Historian discusses abortion in ancient world
John Riddle spent decades looking into how women terminated pregnancies, controlled fertility
It surprised historian John Riddle how common abortion and birth control were in the ancient world up to the Renaissance. He looked into that era to learn more about how women controlled their fertility.
“It was how widespread it was, and how historians around us have noted it but didn't make much of it,” Riddle said of what made him want to learn more.
Riddle published Contraception and Abortion from the Ancient World to the Renaissance in 1994. He still researches the issue though he retired as a professor at North Carolina State University. Most of the birth control and abortion methods from the ancient world were passed down orally from one generation to the next. Riddle found some medical writings pertaining to it. The challenge of learning about the ancient world about any topic is that so much of the record was destroyed by barbarian conquest.

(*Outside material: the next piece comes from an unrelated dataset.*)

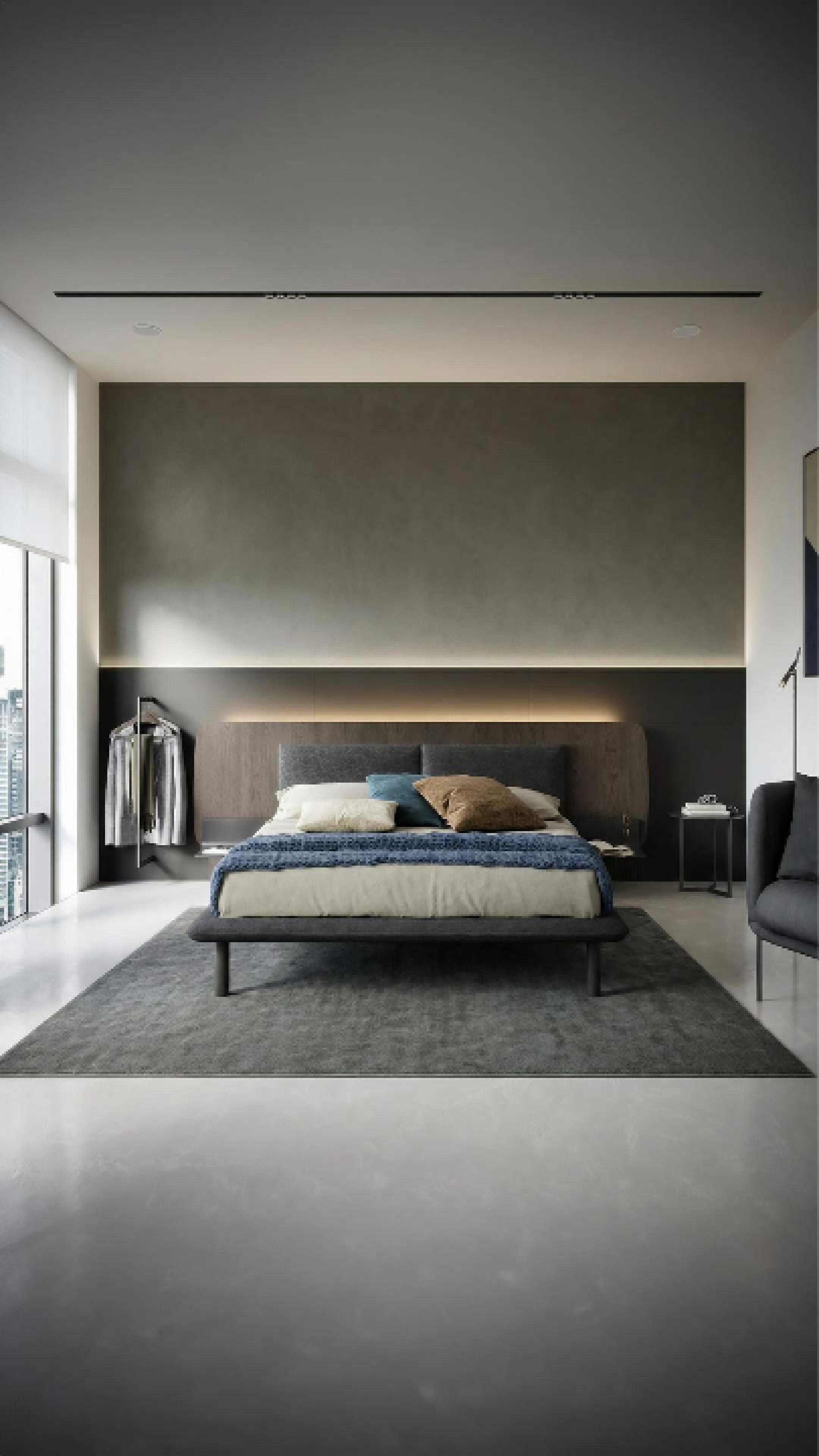 Il bordo del letto imbottito completa l'aspetto generale e crea un'atmosfera accogliente nella camera da letto. Questa combinazione di funzionalità ed estetica rende il letto un lussuoso richiamo visivo.

Riddle said that it wasn’t until the middle of the 19th century that the Catholic Church began changing its position on abortion. Previously, it had not said much on the topic at all. In 1869, Pope Pius said anyone who had or gave abortions would be excommunicated. Up to that point, the church held the position that ensoulment, or when the soul enters the body, didn’t start until the quickening, or the point of fetal movement.

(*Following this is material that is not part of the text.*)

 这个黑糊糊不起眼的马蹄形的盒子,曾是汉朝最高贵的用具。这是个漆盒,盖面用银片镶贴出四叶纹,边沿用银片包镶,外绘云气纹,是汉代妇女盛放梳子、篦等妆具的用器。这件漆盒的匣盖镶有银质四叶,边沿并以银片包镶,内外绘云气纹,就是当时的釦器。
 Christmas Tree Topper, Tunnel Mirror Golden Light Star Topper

The development of embryology and the study of pregnancy shifted some people’s stances on the topic as they learned more about human development. It was seen more as a continuous process instead of “formed” and “unformed” fetuses.
“People need to know if they’re Christians that the Christian faith did not have the views of the severity of abortion and abortion’s definition was not quoting conception,” Riddle said.
Currently, he is researching herbs and plants that served as abortifacients.
“It was normal and regular,” Riddle said. “That was part of women's culture.”